I recently decided to try and fix my old Dell, which is been broken for like 4 years now. So, my problem is whenever I start it, I get the following message after the startup:


Diskette drive 1 seek failure

strike F1 to retry boot, F2 for setup utility


When I hit F1, it just repeats "strike F1 to retry boot, F2 for setup utility" Any help would be appreciated.


----------



## aarhus2004 (Jan 10, 2004)

Thomas72389 said:


> I recently decided to try and fix my old Dell, which is been broken for like 4 years now. So, my problem is whenever I start it, I get the following message after the startup:
> 
> Diskette drive 1 seek failure
> 
> ...


Hello Thomas72389, and welcome to TSG.

I found this using the search "error message Diskette drive 1 seek failure" on Google.

It may help.

http://support.dell.com/support/edocs/systems/dthred/messages.htm

Cheers,

Ben.


----------



## Thomas72389 (Jul 29, 2007)

Yeah, I saw that, but it just got me even more confused. There's no lose plugs unless I'm looking in the wrong place.


----------



## aarhus2004 (Jan 10, 2004)

Thomas, 

Please just hang-in there and someone more informed than me will answer your problem.

Ben.


----------



## Goku (May 17, 2007)

F2 make sure that the floppy drive is not enabled in the setup.

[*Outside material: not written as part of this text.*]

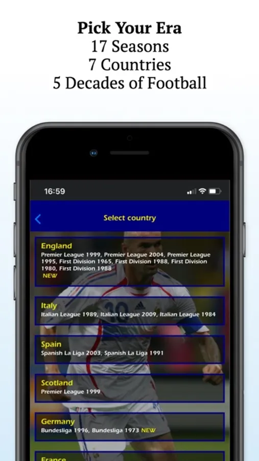 We are adding new seasons every month to the game, which currently includes 40 seasons from 8 countries across 5 decades, with the European Cup and Champions League.

Diskette Drive 0 Seek Failure

This is due to the BIOS defaults being set to having the floppy drive installed. To resolve the error this setting must be changed to Not Installed.

Return to Overview

--------------------------------------------------------------------------------
2. Solution

Enter the System Setup by pressing the <F2> key at boot.
Press the <Down Arrow> key until Diskette Drive A: is highlighted and press the <Enter> key.
Press the <Right Arrow> key once so that NOT INSTALLED is highlighted.
Press the <Esc> key once.
Press the <Down Arrow> key to highlight Integrated Devices, and press the <Enter> key.
Press the <Down Arrow> key to highlight Diskette Interface.
Press the <Right Arrow> key until OFF is highlighted.
Press the <Esc> key twice.
Press the <Enter> key to Save Changes & Exit.


----------